Value at Risk (VaR) Analysis using the Historical Method with Python and yfinance
In this blog post, we will demonstrate how to perform Value at Risk (VaR) calculations using the historical method for a portfolio of stocks. We’ll use Python and the yfinance library to download historical stock price data and then calculate VaR for an equally weighted portfolio.
Setting Time Range and Tickers
First, let’s set the time range to a certain number of years and create a list of tickers we want to analyze. In this example, we’ll analyze the past 15 years of stock data.
import numpy as np
import pandas as pd
import datetime as dt
import yfinance as yf
years = 15
endDate = dt.datetime.now()
startDate = endDate - dt.timedelta(days=365*years)
tickers = ['SPY', 'BND', 'GLD', 'QQQ', 'VTI']
Downloading Adjusted Close Prices
Next, we will download the daily adjusted close prices for each ticker in our list using the yfinance library.
adj_close_df = pd.DataFrame()
for ticker in tickers:
data = yf.download(ticker, start=startDate, end=endDate)
adj_close_df[ticker] = data['Adj Close']
print(adj_close_df)
Calculating Daily Log Returns and Dropping NAs
Once we have the adjusted close prices, we can calculate the daily log returns for each stock and drop any NAs from the resulting DataFrame.
log_returns = np.log(adj_close_df / adj_close_df.shift(1))
log_returns = log_returns.dropna()
print(log_returns)
Creating an Equally Weighted Portfolio
Now, we’ll create an equally weighted portfolio with a total value of $1,000,000.
portfolio_value = 1000000
weights = np.array([1/len(tickers)]*len(tickers))
print(weights)
Calculating Historical Portfolio Returns
With the weights defined, we can now calculate the historical portfolio returns.
historical_returns = (log_returns * weights).sum(axis =1)
print(historical_returns)
Finding X-Day Historical Returns
Next, we’ll find the X-day historical returns.
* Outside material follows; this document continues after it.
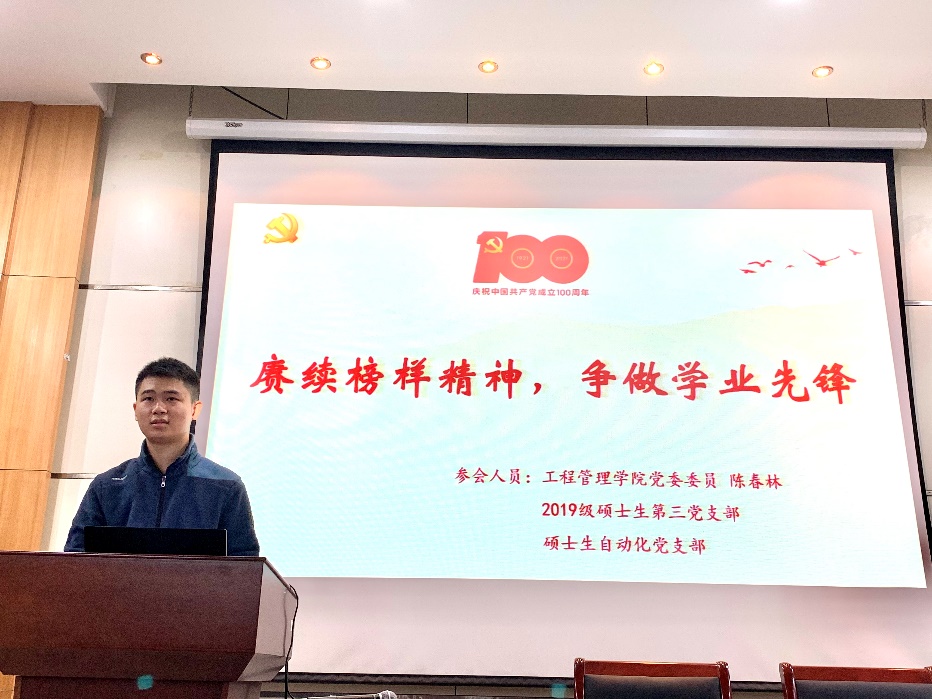 为深入学习习近平总书记在庆祝中国共产党成立100周年大会上重要讲话精神,响应“弘扬伟大建党精神,砥砺奋进爱国爱校”研究生主题教育月要求,2021年11月21日下午,biwn必赢硕士生自动化党支部和2019级硕士生第三党支部在协鑫楼104会议室联合开展“赓续榜样精神,争做学业先锋”主题党日活动。
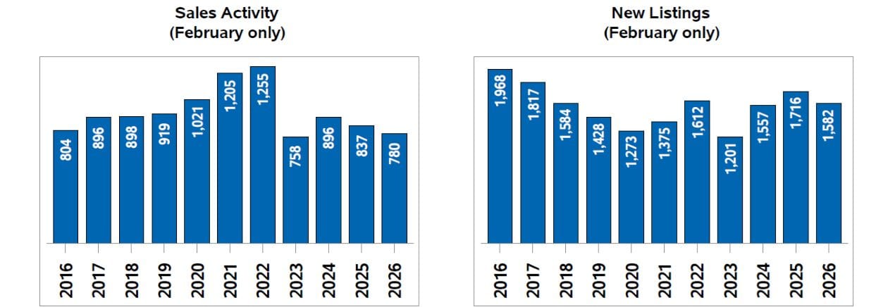 Realtors sold 780 homes in February. While that was higher than January’s transactions, it was down almost seven per cent from the same month last year and almost 18 per cent below the 10-year average.

In this example, we’ll use a 50-day window.
days = 50
range_returns = historical_returns.rolling(window = days).sum()
range_returns = range_returns.dropna()
print(range_returns)
Calculating VaR Using the Historical Method
Now, we can specify a confidence interval and calculate the Value at Risk (VaR) using the historical method.
confidence_interval = 0.99
VaR = -np.percentile(range_returns, 100 - (confidence_interval * 100))*portfolio_value
print(VaR)
Plotting the Results of the Historical Returns
Finally, let’s plot the results of the historical returns to visualize the distribution of portfolio returns and the VaR at the specified confidence level.
return_window = days
range_returns = historical_returns.rolling(window=return_window).sum()
range_returns = range_returns.dropna()
range_returns_dollar = range_returns * portfolio_value
plt.hist(range_returns_dollar.dropna(), bins=50, density=True)
plt.xlabel(f'{return_window}-Day Portfolio Return (Dollar Value)')
plt.ylabel('Frequency')
plt.title(f'Distribution of Portfolio {return_window}-Day Returns (Dollar Value)')
plt.axvline(-VaR, color='r', linestyle='dashed', linewidth=2, label=f'VaR at {confidence_interval:.0%} confidence level')
plt.legend()
plt.show()
By following these steps, you can create a Python script that calculates the Value at Risk (VaR) using the historical method for your investment portfolio. Keep in mind that this approach is based on historical returns, which may not be a reliable indicator of future performance. Continuously refining your analysis and considering other factors will help you develop a more accurate understanding of the risks associated with your investments, enabling you to make more informed decisions.
In conclusion, the historical method for calculating Value at Risk (VaR) provides a simple and intuitive way to estimate the potential losses in your investment portfolio. However, it is essential to remember that historical returns do not guarantee future performance, and relying solely on this method may lead to inaccurate risk assessments.
To develop a more comprehensive understanding of your portfolio’s risk, consider incorporating other risk management techniques such as Monte Carlo simulations, stress testing, and scenario analysis. By combining different approaches, you can create a more well-rounded risk management strategy that accounts for various market conditions and potential events. This holistic approach will enable you to make more informed investment decisions and better manage the potential risks and rewards associated with your investments.